• **YOUR ASSIGNMENT**: For the entries below, repeat exactly each line starting with the one that contains "chanson, partition de" and going on through the one that contains "Rückblick: Seit Februar", and no others.

• **THE DATA**:
----

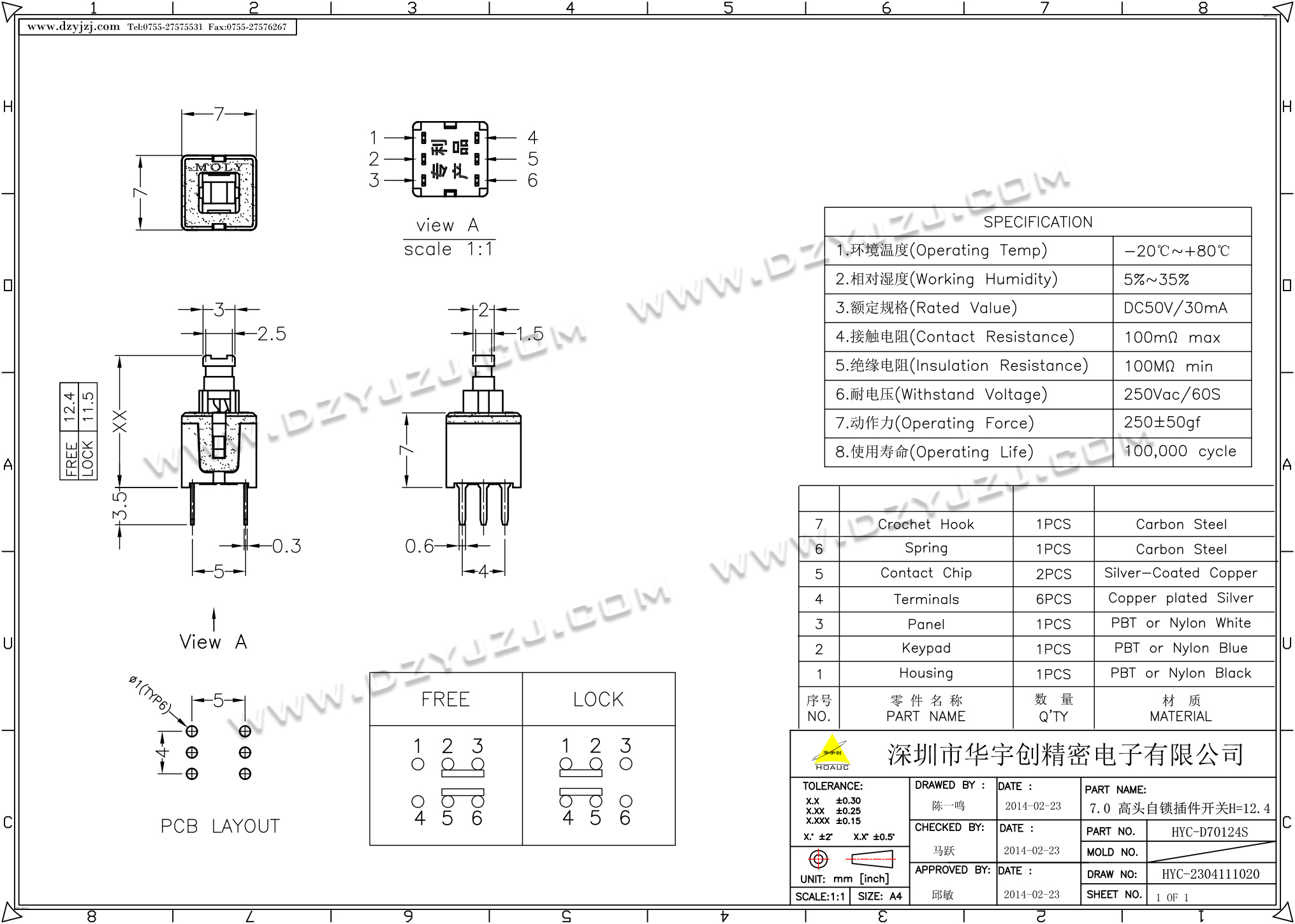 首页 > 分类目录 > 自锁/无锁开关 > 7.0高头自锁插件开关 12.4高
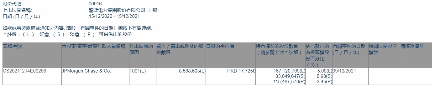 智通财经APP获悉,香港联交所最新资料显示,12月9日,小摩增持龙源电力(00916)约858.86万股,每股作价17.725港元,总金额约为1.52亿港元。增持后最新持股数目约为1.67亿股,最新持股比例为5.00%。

----

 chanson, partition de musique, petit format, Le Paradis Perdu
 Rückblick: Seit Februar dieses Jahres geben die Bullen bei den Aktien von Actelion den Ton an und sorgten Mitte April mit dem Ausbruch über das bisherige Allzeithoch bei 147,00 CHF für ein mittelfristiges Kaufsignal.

----

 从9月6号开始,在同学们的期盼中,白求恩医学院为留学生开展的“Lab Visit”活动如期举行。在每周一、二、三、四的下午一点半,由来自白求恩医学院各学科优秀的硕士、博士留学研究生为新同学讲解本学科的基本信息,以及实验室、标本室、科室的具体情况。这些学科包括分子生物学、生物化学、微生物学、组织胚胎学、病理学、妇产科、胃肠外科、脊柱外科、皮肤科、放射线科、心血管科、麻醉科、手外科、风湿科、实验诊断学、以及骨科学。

----

• **EXERCISE ANSWER**:
 chanson, partition de musique, petit format, Le Paradis Perdu
 Rückblick: Seit Februar dieses Jahres geben die Bullen bei den Aktien von Actelion den Ton an und sorgten Mitte April mit dem Ausbruch über das bisherige Allzeithoch bei 147,00 CHF für ein mittelfristiges Kaufsignal.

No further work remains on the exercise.